## TASK REQUIREMENTS
Below are entries; repeat exactly, and nothing else, the lines from the one holding "Dit is een basishouding: achterover" through the one holding "Forever 21 Fluffy", inclusive. Leave the pictures out.

## RAW DATA
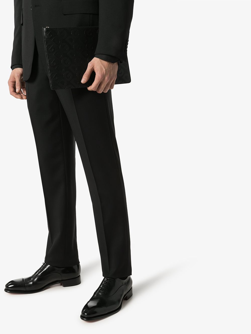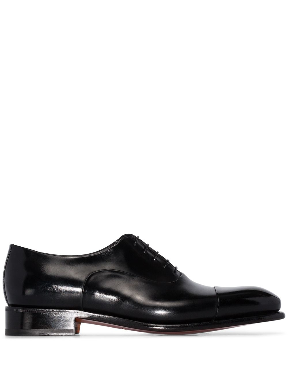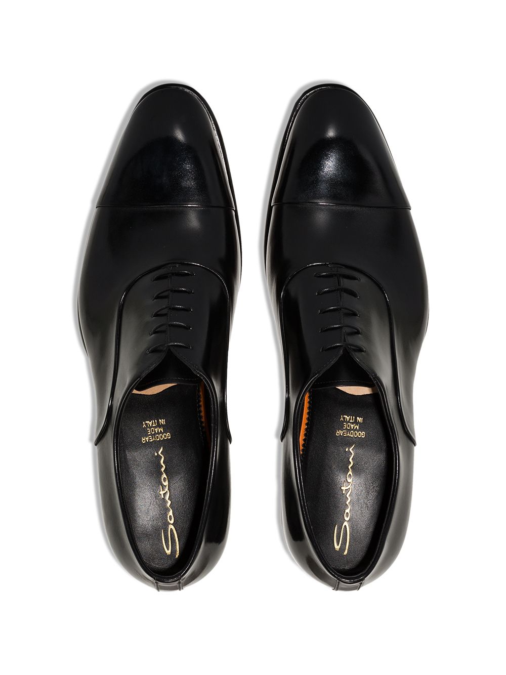 Santoni men's polished black leather Oxford shoes with a classic tapered silhouette. Featuring stitching on the toe , five-hole lace-up fastening, the iconic orange leather lining and a leather sole with half rubber heel.
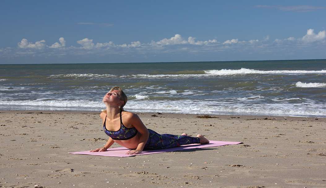 Dit is een basishouding: achterover buiging vanuit de buikligging. In yoga jargon heet deze houding “Bhujangasana”. Bhujanga betekent slang. Bhuja staat voor arm of schouder en ang staat voor ledemaat. In de Cobra ligt de focus op de wervelkolom, armen én ook de benen. Veel mensen denken dat de benen passief zijn in deze houding, maar met name de hamstrings kunnen actief zijn, net als de grote bilspier.
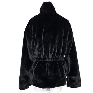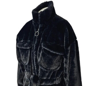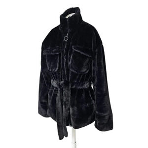 Forever 21 Fluffy Faux Fur Tie Waist Wide Sleeve Zip Up Jacket Black Size Small
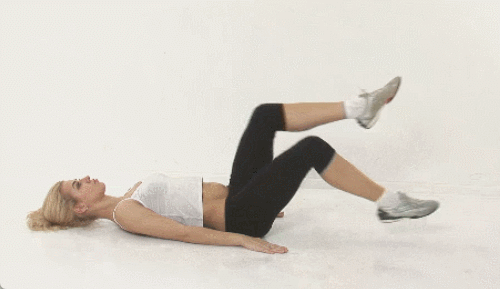 매트에 누운 상태에서 손은 머리 옆으로 옮깁니다. 다리는 공중으로 들어줍니다. 왼쪽 다리를 앞으로 뻗었다가 당기면서 오른쪽 다리를 뻗습니다. 다리를 휘저으면서 1분 동안 반복하세요. 자전거의 페달처럼 움직입니다.
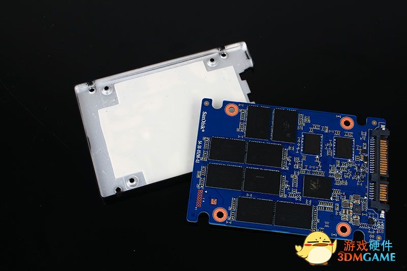 将芯片拆除,我们可以看到在金属壳和闪存颗粒之间有导热贴片来增强颗粒的散热,这是在很多盘上所没有的!电路板的主要颗粒和芯片都集中在一面,另外一面则是空的!可以在电路的角上看见sandisk的标志!
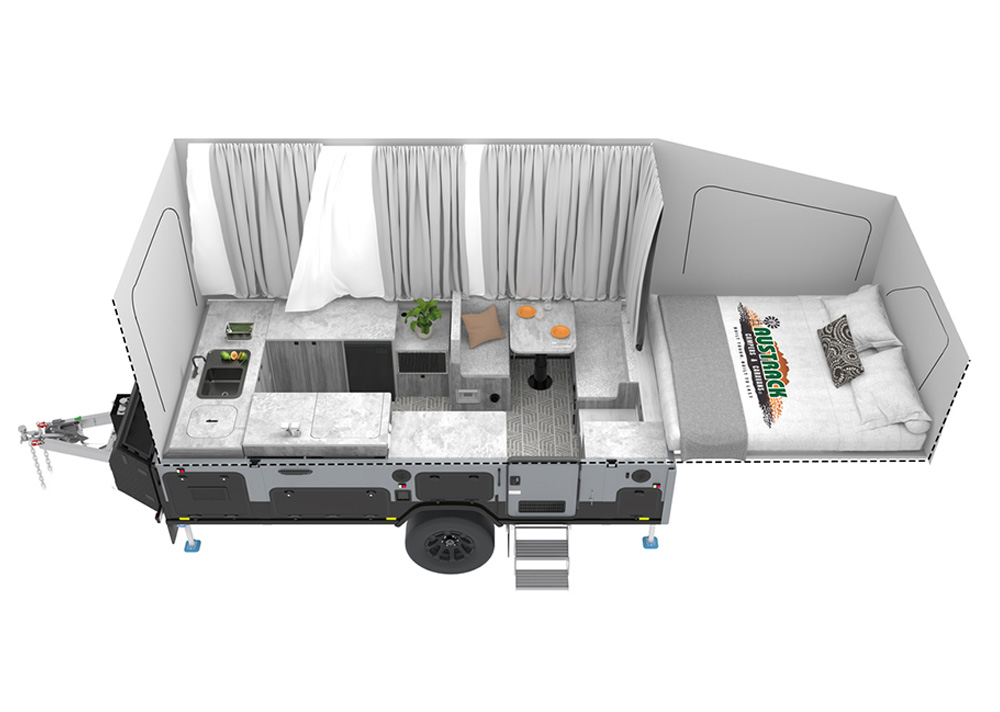 Smart solutions for every space! Featuring a large external toolbox, versatile tunnel boot and multiple compartments. Inside, enjoy seamless under-seat storage and a well-organised kitchen setup. Designed for maximum convenience and efficiency.

## EXERCISE OUTPUT
 Dit is een basishouding: achterover buiging vanuit de buikligging. In yoga jargon heet deze houding “Bhujangasana”. Bhujanga betekent slang. Bhuja staat voor arm of schouder en ang staat voor ledemaat. In de Cobra ligt de focus op de wervelkolom, armen én ook de benen. Veel mensen denken dat de benen passief zijn in deze houding, maar met name de hamstrings kunnen actief zijn, net als de grote bilspier.
 Forever 21 Fluffy Faux Fur Tie Waist Wide Sleeve Zip Up Jacket Black Size Small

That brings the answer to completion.